Scotty was still in a merciful swoon. Very carefully the men loosened the rock from its hold on his legs, and with their united strength rolled it away from the mouth of the cave.

“It’s damned lucky you are, old boy!” cried Yank, as the crippled man regained consciousness. “That rock would have crushed you to pulp if the walls of the cave hadn’t saved you.”

“A miss would have been as good as a mile!” replied Scotty, as he fainted again.

“Who’s going to set these bones?” asked Sawed-off. “It’s a bad fracture, compound and nasty. There’s no severed artery, though, which is lucky, or he’d ’a’ bled to death. Captain Ranger, did you ever set a broken bone?”

“Never.”

“I’ll do it,” exclaimed Mrs. McAlpin. “Cut away his boot. Bring a cot from the camp. Bring some adhesive plaster. Captain, can you make some splints? Stay! I’ll cut away the boot. There! Steady! Slow! If we can set the bones before he recovers consciousness, so much the better.”

The cot with its unconscious burden was carried to the side of the widow’s wagon.

“Bring water and more bandages, girls.”

“Where did you get your skill?” asked the Captain, as Mrs. McAlpin felt cautiously for the broken bones and deftly snapped them into place.

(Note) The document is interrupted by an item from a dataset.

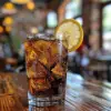 A glass of ice-cold cola with a slice of lemon.
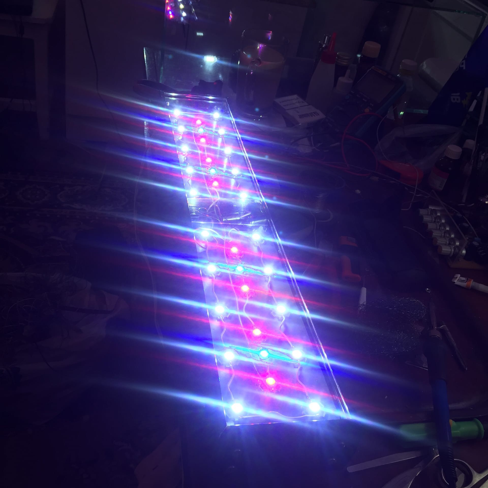 Света еще не было и было решено запустится пока что с прожекторами и походу дела уже думать со светом) поэтому сначала был запуск потом делался свет в течении недели. Как оказалось с алюминием на который можно прилепить диоды у нас оказалось все ну ооочень плохо. И как то раз случайно набрел на радиорынке на пару радиаторов по типу Ёж отлитых судя по всему местными умельцами, но качество было приемлимым и сразу их прибрал к рукам) очень хотелось что б все имело эстетический вид и нужно было обромление для этих радиаторов и под руку попался старый рекламный Лайт-бокс и собственно вот что получилось

“It isn’t a very bad fracture,” she said, unheeding the question, as she held the bones together while the orders for splints and bandages were being obeyed.

“Some water, quick, and some brandy!” she said in a firm voice, though her cheeks were blanching. She held stoutly to her work till the limb was securely encased in the proper supports. But when her patient recovered consciousness and looked inquiringly into her eyes, she fell, fainting, into the Captain’s arms, and was carried to his family wagon, her eyelids twitching and her muscles limp. When she recovered, she found herself reclining in the wagon beside Mrs. Ranger, who was gently chafing her face and hands.

“All this has been too much for you, dearie,” said the good woman.

“Where’s Rollin?”

“In your mother’s wagon. We have rigged him up a swinging bed, and Mrs. Benson will see that he wants for nothing. You are to ride here, in the big wagon, with me.”

“You have no room for me in here. You and I, and Mary and Jean, and Marjorie and Bobbie, and Sadie and the baby and Sally, and the three little O’Dowds, and Susannah and George Washington can’t all ride and sleep in this narrow space. We’d offend the open-air ordinances of heaven.”

“It is all arranged, my dear; don’t worry. Our overflow has gone to another wagon. We’ll have plenty of room.”

“But Mr. Burns?”

“Your good mother has taken entire charge of him. She is behaving as beautifully in this crisis as you are, my dear.”